§ **YOUR INSTRUCTIONS**
Your answer must be the full set of records, copied exactly, with no pictures in it.

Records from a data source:
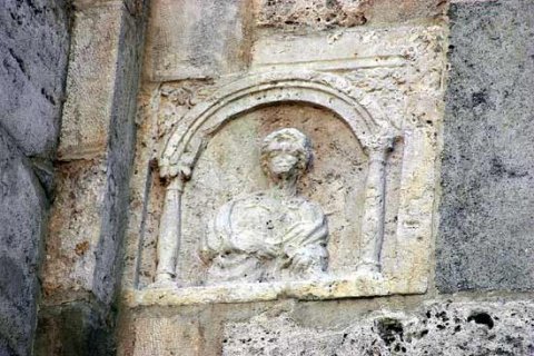 - Unter Bogen auf Säulen Halbfigur einer einheimischen Frau: Haare zu Kranz geflochten, Unter- und Obergewand, Fibeln, Umhang. Seitlich des Bogens Rosetten zwischen Blättern.
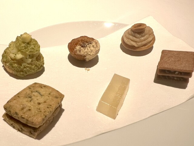 パイナップル 無花果の葉のシュー/落花生のフィナンシェ/ ヘーゼルナッツのプチモンブラン
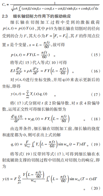 式中 : ρ 为细长轴的密度 ; A 为细长轴横截面积 ; E 为细长轴的材料弹性模量 ; I 为细长轴截面对中性轴的惯性矩。
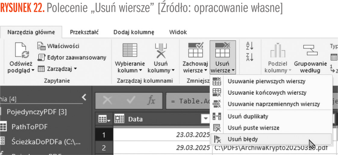 Dla wierszy, gdzie wskazany plik nie istnieje funkcja, w kolumnie „PojedynczyPDF”, zwraca błąd (Error), a dla prawidłowych ścieżek zwraca tabele. Zanim rozwiniemy tabele, musimy usunąć wiersze z błędami. Wystarczy, że zaznaczymy kolumnę „PojedynczyPDF”, a następnie na karcie „Narzędzia główne” rozwiniemy polecenie „Usuń wiersze” i wybierzemy opcję „Usuń błędy”, jak pokazuje to Rysunek 22.
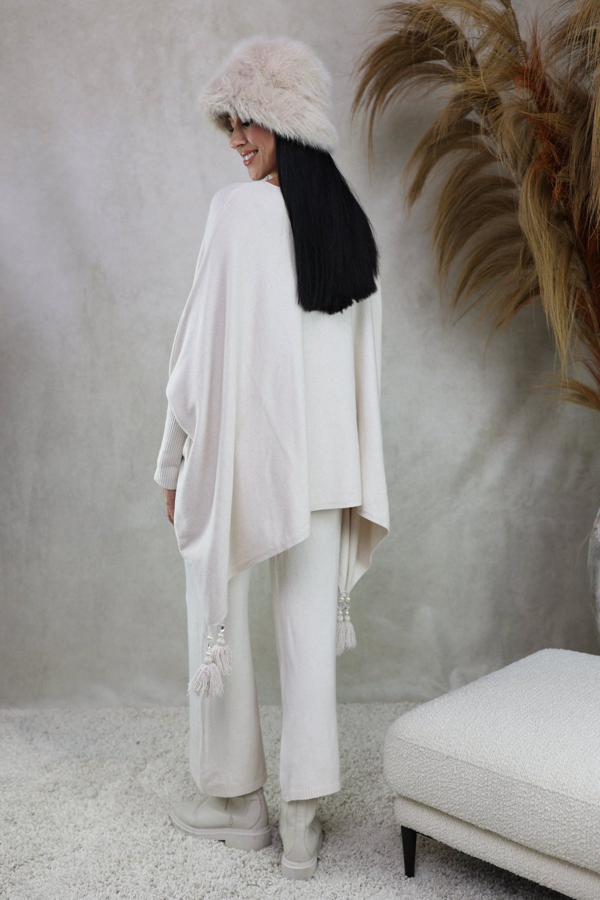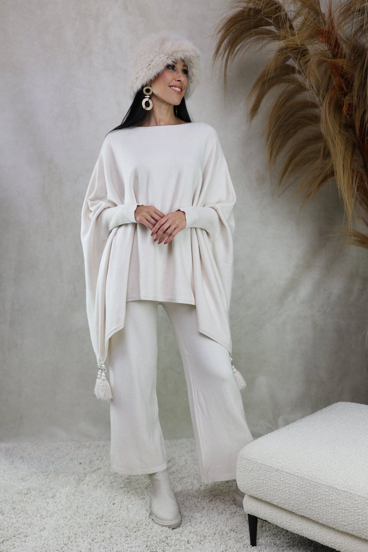 Scarlett drapes like a cape, moves like your favorite sweater, and adds a touch of drama with swishy tassels at each point. It’s the throw-on piece that makes every outfit look instantly polished—at brunch, on the school run, or for a cozy night out.
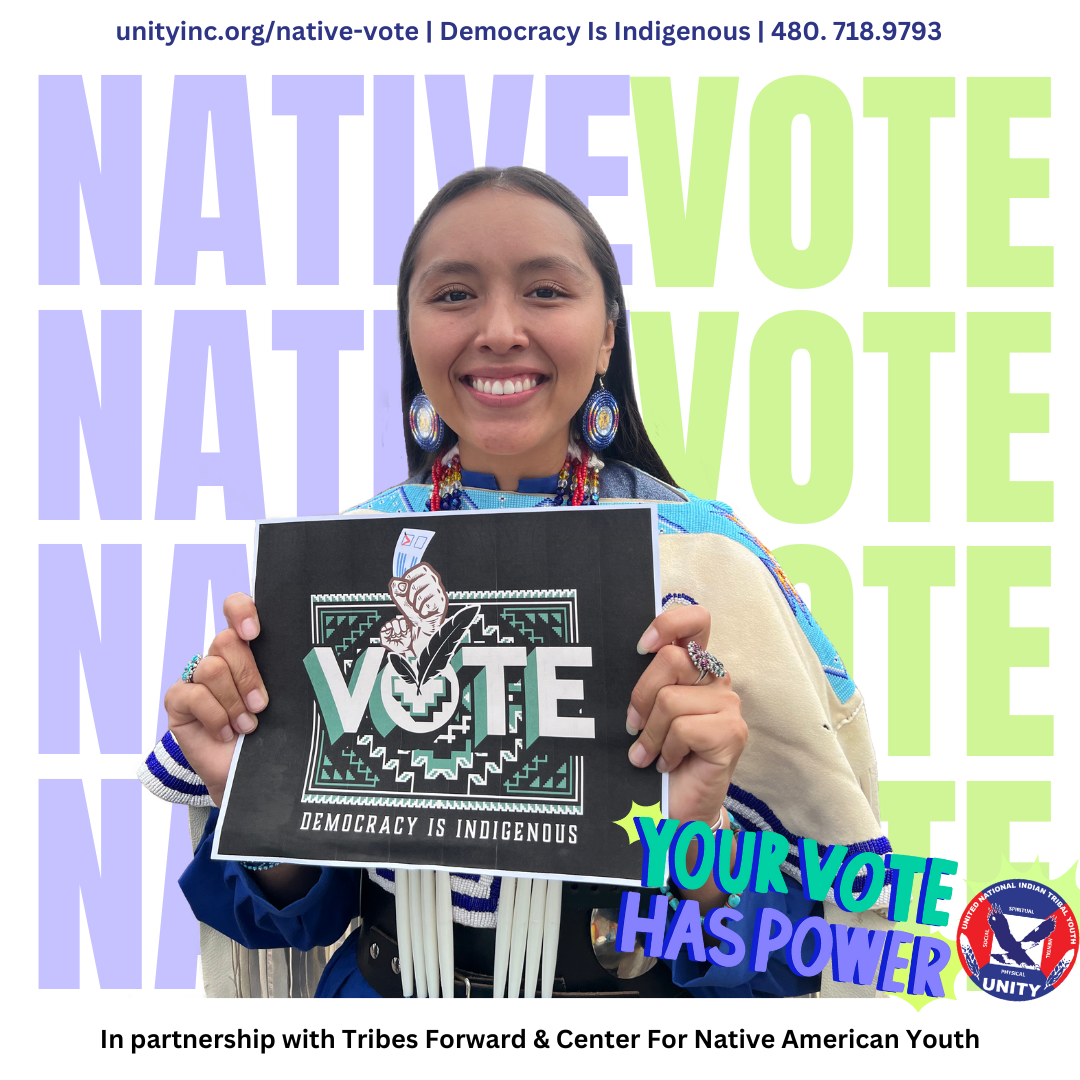 CLICK below to download two Free UNITY GOTV toolkits designed to empower Native youth in elections by increasing voter participation, representation, and advocacy strategies. The toolkit also includes links to three UNITY webinars featuring Native youth guest speakers actively engaging our community through grassroots voter education.
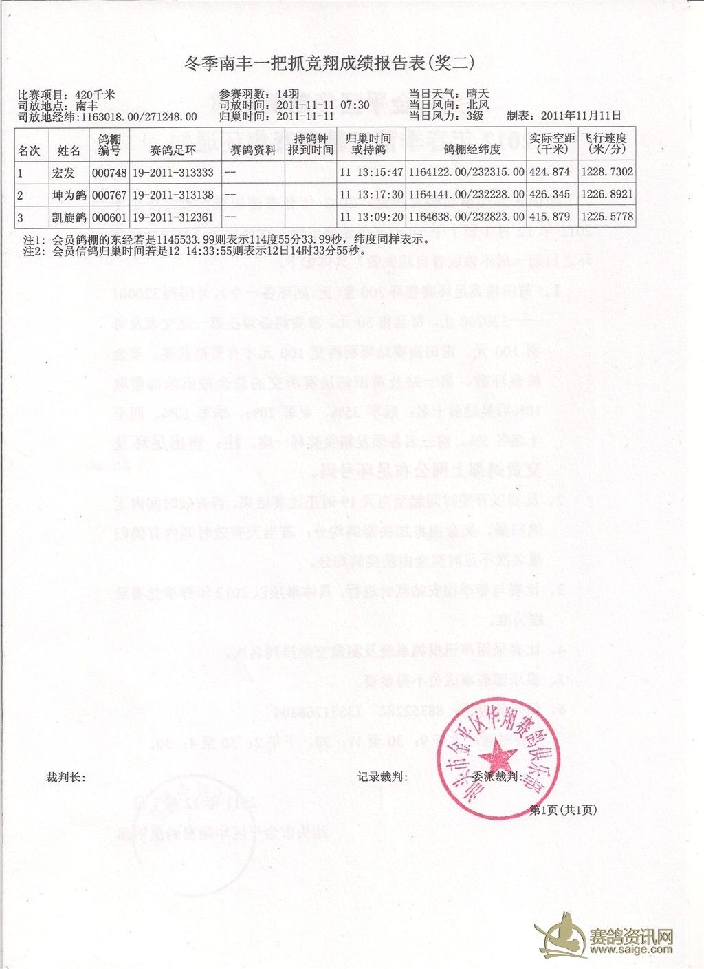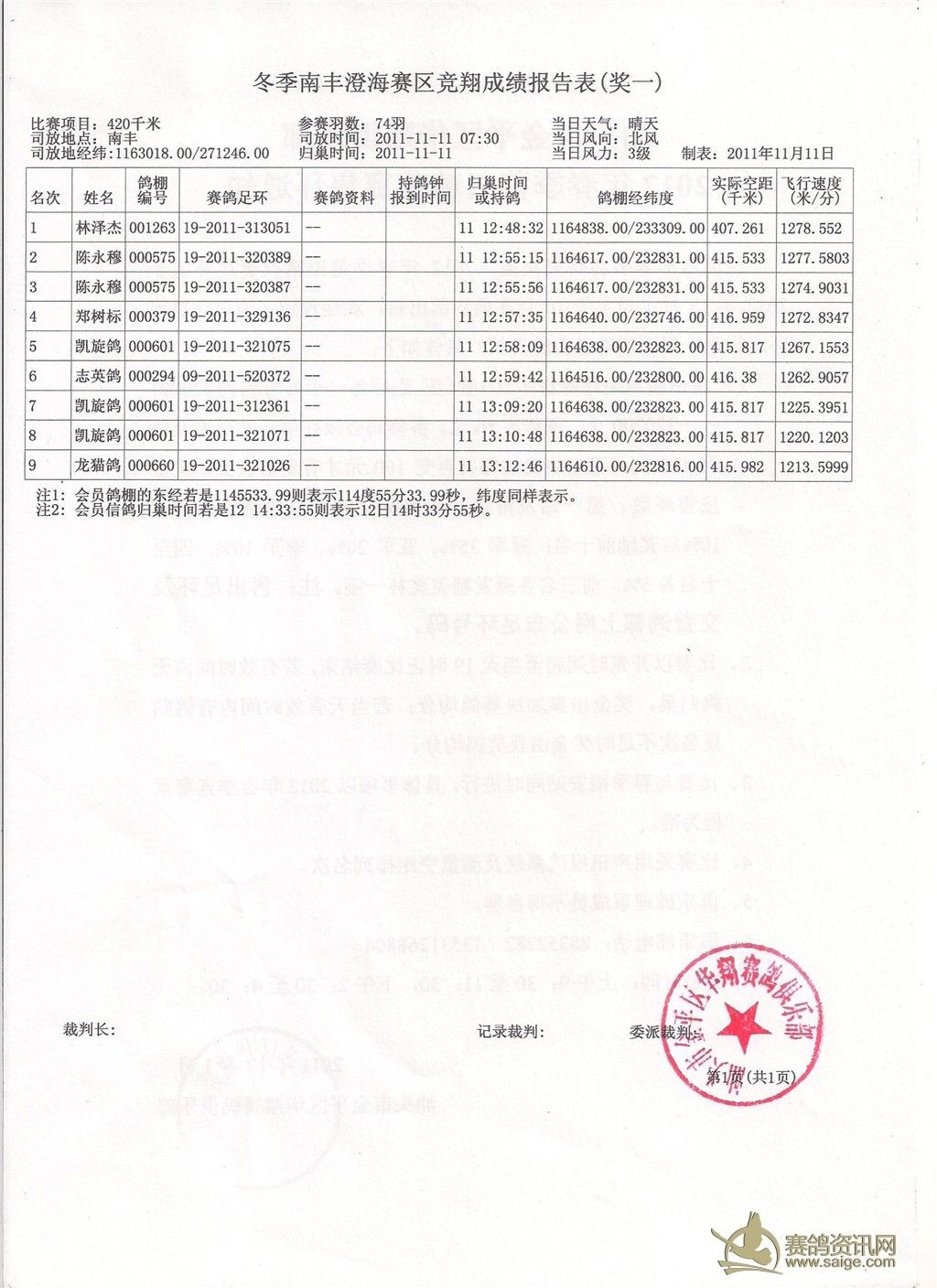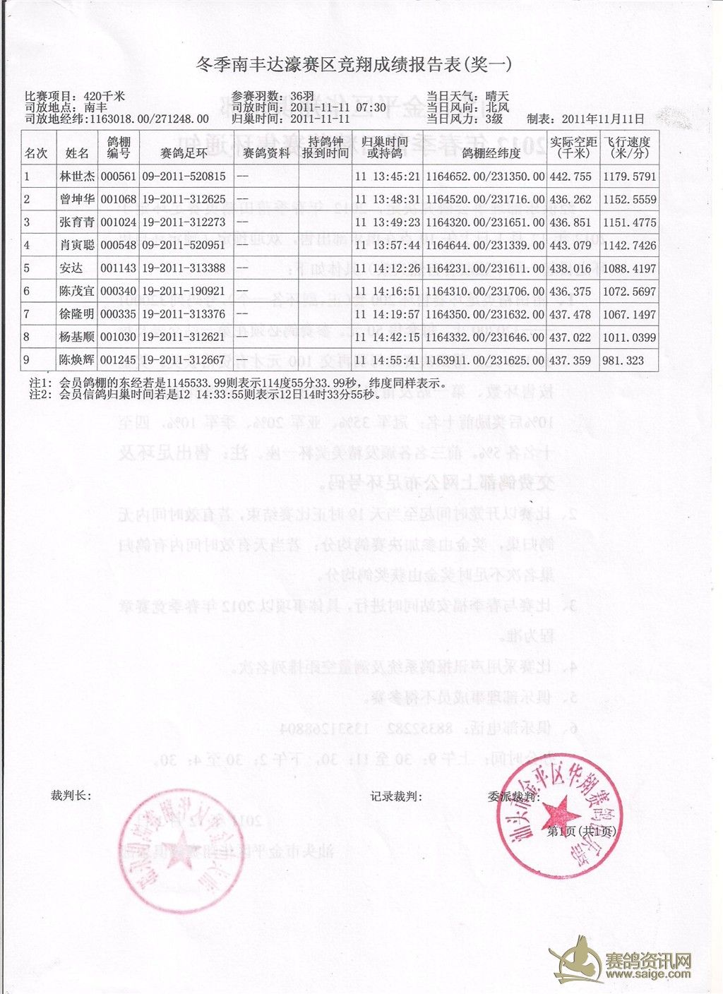 请鸽友校对,5日内无异议成绩生效,颁发奖金。

§ **RESULT OF THIS EXERCISE**
 - Unter Bogen auf Säulen Halbfigur einer einheimischen Frau: Haare zu Kranz geflochten, Unter- und Obergewand, Fibeln, Umhang. Seitlich des Bogens Rosetten zwischen Blättern.
 パイナップル 無花果の葉のシュー/落花生のフィナンシェ/ ヘーゼルナッツのプチモンブラン
 式中 : ρ 为细长轴的密度 ; A 为细长轴横截面积 ; E 为细长轴的材料弹性模量 ; I 为细长轴截面对中性轴的惯性矩。
 Dla wierszy, gdzie wskazany plik nie istnieje funkcja, w kolumnie „PojedynczyPDF”, zwraca błąd (Error), a dla prawidłowych ścieżek zwraca tabele. Zanim rozwiniemy tabele, musimy usunąć wiersze z błędami. Wystarczy, że zaznaczymy kolumnę „PojedynczyPDF”, a następnie na karcie „Narzędzia główne” rozwiniemy polecenie „Usuń wiersze” i wybierzemy opcję „Usuń błędy”, jak pokazuje to Rysunek 22.
 Scarlett drapes like a cape, moves like your favorite sweater, and adds a touch of drama with swishy tassels at each point. It’s the throw-on piece that makes every outfit look instantly polished—at brunch, on the school run, or for a cozy night out.
 CLICK below to download two Free UNITY GOTV toolkits designed to empower Native youth in elections by increasing voter participation, representation, and advocacy strategies. The toolkit also includes links to three UNITY webinars featuring Native youth guest speakers actively engaging our community through grassroots voter education.
 请鸽友校对,5日内无异议成绩生效,颁发奖金。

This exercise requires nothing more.